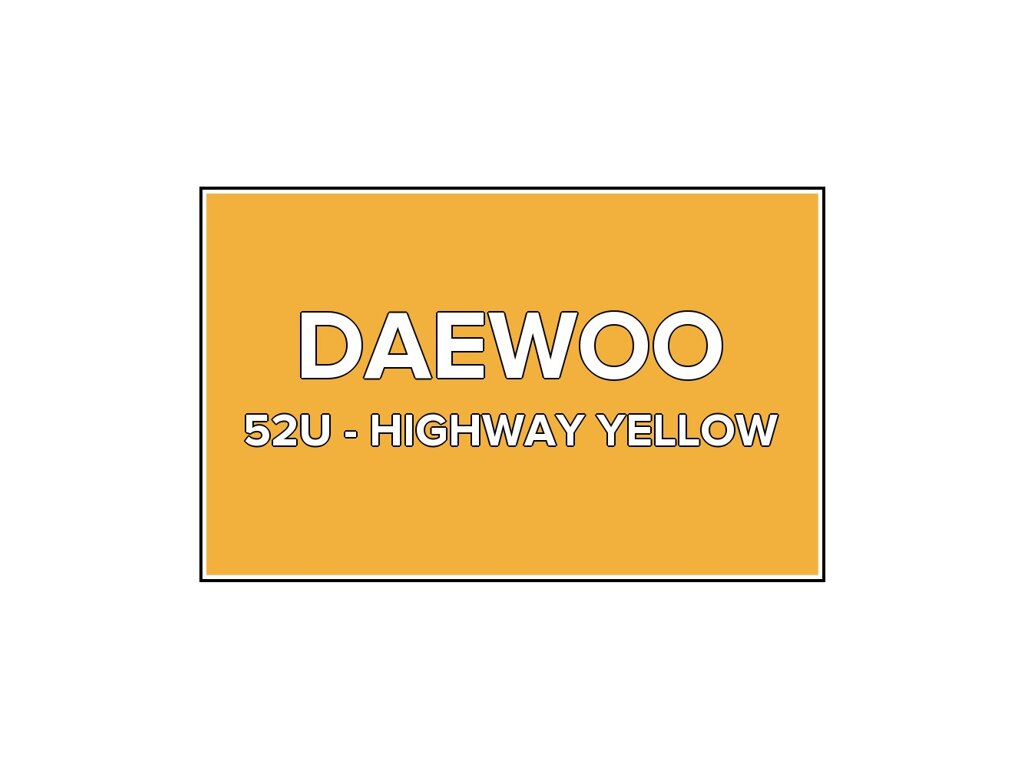 Přečíst článekŽlutá barva Daewoo 52U Highway Yellow ve spreji o objemu 400ml. Barva HIGHWAY YELLOW přesně odpovídá autolaku 52U, používaného na vozech Daewoo v letech 1996-2008. Barva na všechny povrchy, snadná aplikace, 100% krytí.
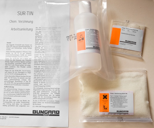 aufzubringen, ist Sur-Tin. Es besteht aus 3 Komponenten (Schwefelsäure,
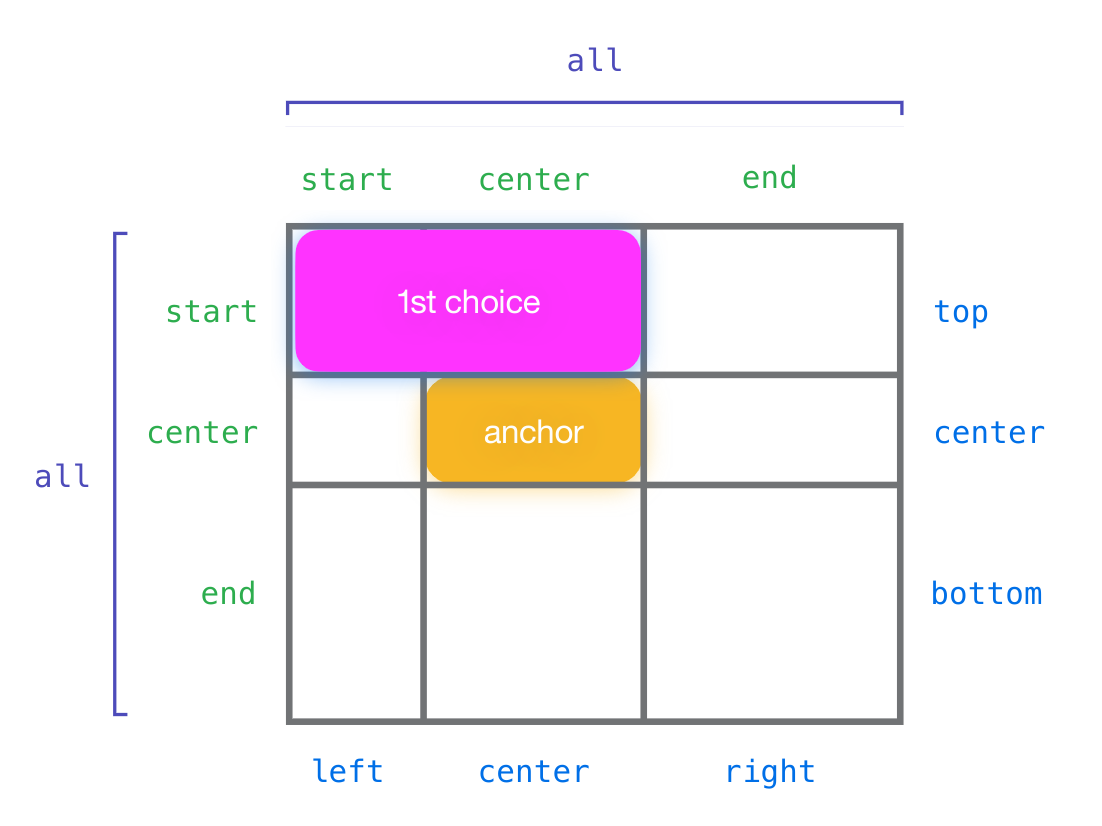 CSS absolute positioning allows authors to place boxes anywhere on the page, without regard to the layout of other boxes besides their containing block. This flexibility can be very useful, but also very limiting—​often you want to position relative to some other box. Anchor positioning (via the position-anchor and position-area properties and/or the anchor functions anchor() and anchor-size()) allows authors to achieve this, “anchoring” an absolutely positioned box to one or more other boxes on the page (its anchor references, while also allowing them to try several possible positions to find the “best” one that avoids overlap/overflow.
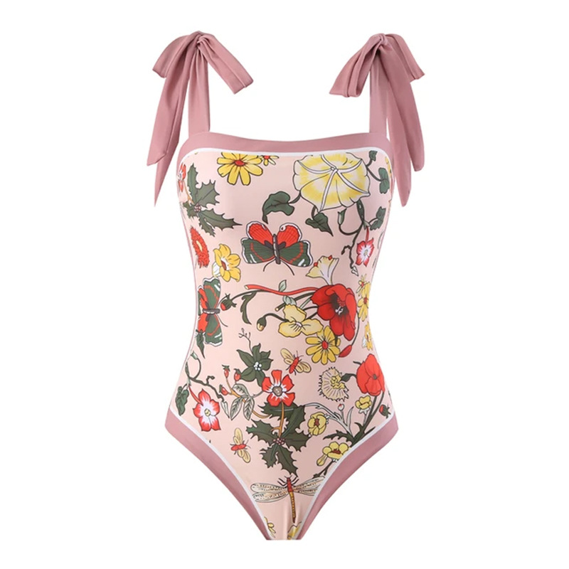2025爆款新款复古印花欧美法式分体女泳衣跨境度假比基尼swimsuit

**What to produce**.
Output nothing but an exact retyping of the material, pictures excluded.

**Expected answer**.
 Přečíst článekŽlutá barva Daewoo 52U Highway Yellow ve spreji o objemu 400ml. Barva HIGHWAY YELLOW přesně odpovídá autolaku 52U, používaného na vozech Daewoo v letech 1996-2008. Barva na všechny povrchy, snadná aplikace, 100% krytí.
 aufzubringen, ist Sur-Tin. Es besteht aus 3 Komponenten (Schwefelsäure,
 CSS absolute positioning allows authors to place boxes anywhere on the page, without regard to the layout of other boxes besides their containing block. This flexibility can be very useful, but also very limiting—​often you want to position relative to some other box. Anchor positioning (via the position-anchor and position-area properties and/or the anchor functions anchor() and anchor-size()) allows authors to achieve this, “anchoring” an absolutely positioned box to one or more other boxes on the page (its anchor references, while also allowing them to try several possible positions to find the “best” one that avoids overlap/overflow.
2025爆款新款复古印花欧美法式分体女泳衣跨境度假比基尼swimsuit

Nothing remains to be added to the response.